The ill-fated gun owners of New Jersey suffered yet another setback this week when the Third Circuit Court of Appeals (a federal court that also covers Pennsylvania and Delaware) upheld the constitutionality of New Jersey's permitting system for the carrying of handguns in public for self-defense. The main issues in the case were whether the Second Amendment protects a right to carry arms in public for self-defense and whether New Jersey's "justifiable need" standard for the issuance of a permit acts as an unconstitutional restraint on that right. Precious few permit applicants meet the "justifiable need" threshold, which as interpreted by regulation and case law requires the applicant to show "specific threats or previous attacks which demonstrate a special danger to the applicant's life that cannot be avoided by means other than by issuance of a permit to carry a handgun." "Generalized fears for personal safety," meanwhile, are specifically deemed to be "inadequate" justification.
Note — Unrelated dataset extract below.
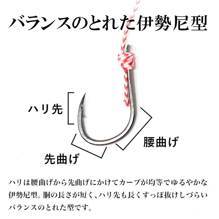 | ◇細身フックでショートバイトを掛ける。底をこまめに取るフックは想像以上に消耗が激しい。こまめに確認し刺さりが悪くなったと思ったらすぐ交換。釣果に決定的な差が出ます。 ◇バランスの取れた伊勢尼型ハリは腰曲げからの先曲げにかけてカーブが均等でゆるやかな伊勢尼型。胴の長さが短く、ハリ先も長くすっぽ抜けしづらいバランスのとれた型です。 ◇バクストがタイラバ用に厳選した各種ネクタイ(別売)と専用タイラバ用スイベル(別売)を使用して自分のフィールドに合ったタイラバにカスタマイズして楽しもう! ※商品の色や質感は撮影時の光加減やモニタ画面により異なります。 |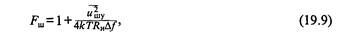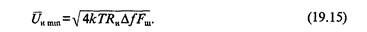 Уравнение (19.15) определяет предельную чувствительность усилителя в виде уровня минимального входного сигнала источника, при котором на выходе усилителя выполняется условие равенства напряжения сигнала напряжению шума. Из этого уравнения следует, что при расширении полосы пропускания усилителя и увеличения его коэффициента шума предельная чувствительность усилителя ухудшается.

While acknowledging (but refusing "definitively" to hold) that "the Second Amendment's individual right to bear arms may have some application beyond the home," the court found that any protection offered in that context would be so weak as to allow for what basically amounts to a rule that a person cannot exercise the right without first proving prior victimization. In other words, although the Heller decision held that the Second Amendment protects "the individual right to possess and carry weapons in case of confrontation" (emphasis added), the Third Circuit decided that what the Court must have really meant was a right to carry weapons after a violent confrontation, assuming the individual survived it. That's an odd view, to say the least, of a right meant to guarantee a person the means of preventing victimization in the first place.
Imagine this rule applied to other fundamental rights. Should peaceful, law-abiding persons only be able to demand a warrant before police enter their homes after first proving prior, unlawful police entries? Should the right to silence only apply after at least one other statement has been forced out of a person accused of a crime? A person has a right to an attorney, but only after having been first convicted and sent to prison? Should "generalized fears" of official abuses that have yet to materialize against a specific person mean that person has no recourse to the rights meant to prevent such abuses?
The Third Circuit held New Jersey’s law survives Second Amendment analysis because it is “longstanding.” Even if that debatable premise is true, so were the laws, for example, that institutionalized racial segregation or failed to recognize the Bill of Rights as applying against the actions of states and localities. If constitutional rights were determined merely by the longevity of infringing laws, many important protections would still be unavailable to guard against abuses at the state and local levels.
Unfortunately, New Jersey gun owners seem poised for a continuation of the abuses to which they have too long been subjected unless substantial changes occur in the Trenton Statehouse … or unless the United States Supreme Court takes another case in the face of the lower courts’ ongoing campaign to diminish the Second Amendment’s individual right, a right many of them refused to acknowledge even existed until forced to do so by the high court.
Longstanding? No. Longsuffering? Yes.